— Task details —
Do not include the pictures; repeat the rest of the data exactly.

— Source material —
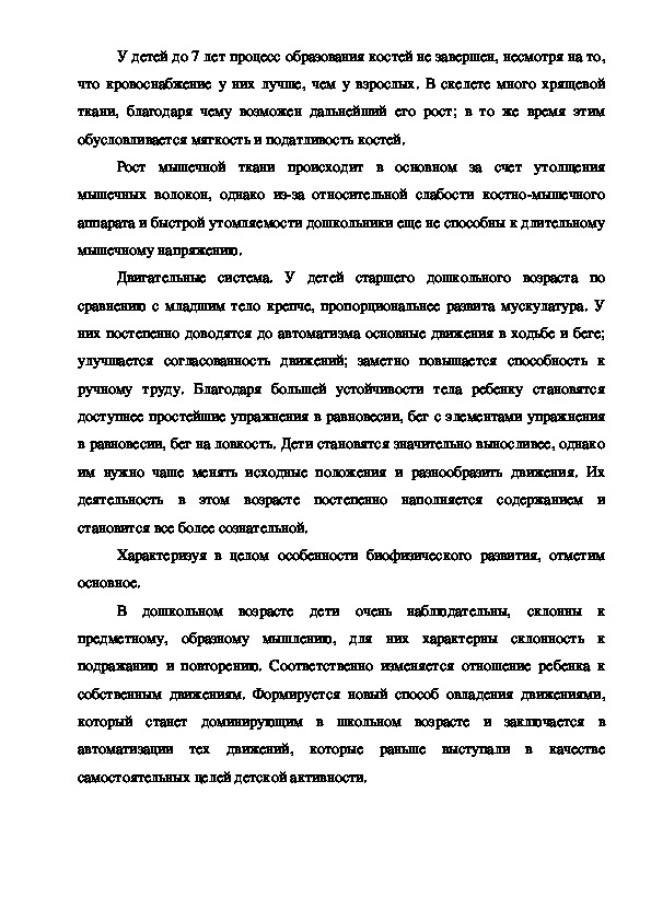 Особенности психофизического развития ребенка
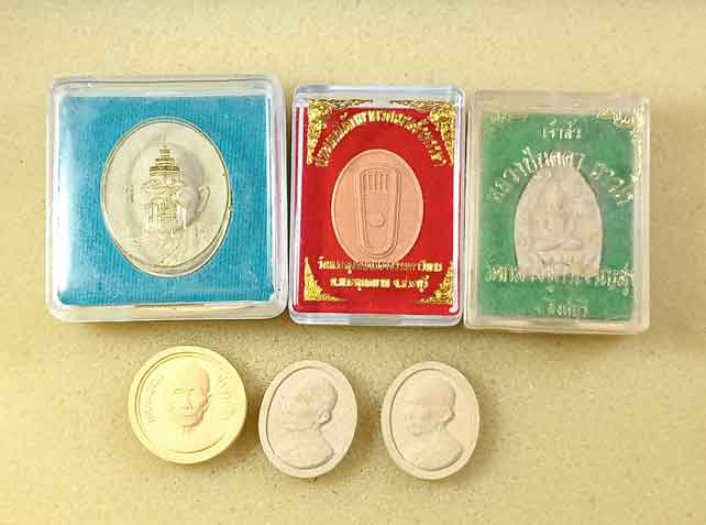 พระผงสมเด็จพระสังฆราชฯ วัดบวรฯ + พระผง วัดพระพุทธบาทสระบุรี + พระผง หลวงปู่บุดดา วัดกลางชูศรีเจริญสุข สิงห์บุรี +พระผงหลวงพ่อรวย วัดตะโก อยุธยา 3 องค์ |
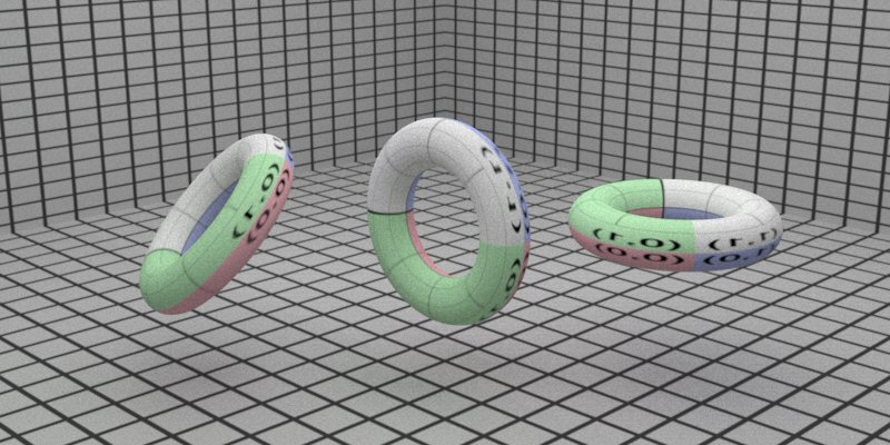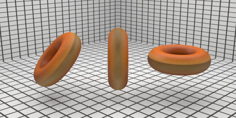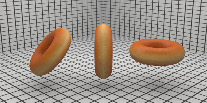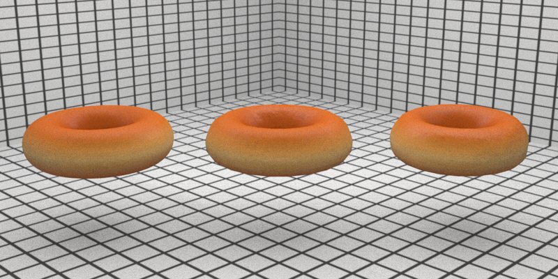 | The donut on the left is our original ideal PBRT torus. The donut in the middle has gone through a slightly non-affine transformation, the bottom has been pushed up and the top has been extended, creating dough weight. Then, the donut on the right has taken this and much more perturbation, including a lateral scale to end up slightly more oblong elliptical than the ideal circular tori. Still, all these models retain our same bump- mapping and texture mapping techniques of before. |

— Completed exercise —
 Особенности психофизического развития ребенка
 พระผงสมเด็จพระสังฆราชฯ วัดบวรฯ + พระผง วัดพระพุทธบาทสระบุรี + พระผง หลวงปู่บุดดา วัดกลางชูศรีเจริญสุข สิงห์บุรี +พระผงหลวงพ่อรวย วัดตะโก อยุธยา 3 องค์ |
 | The donut on the left is our original ideal PBRT torus. The donut in the middle has gone through a slightly non-affine transformation, the bottom has been pushed up and the top has been extended, creating dough weight. Then, the donut on the right has taken this and much more perturbation, including a lateral scale to end up slightly more oblong elliptical than the ideal circular tori. Still, all these models retain our same bump- mapping and texture mapping techniques of before. |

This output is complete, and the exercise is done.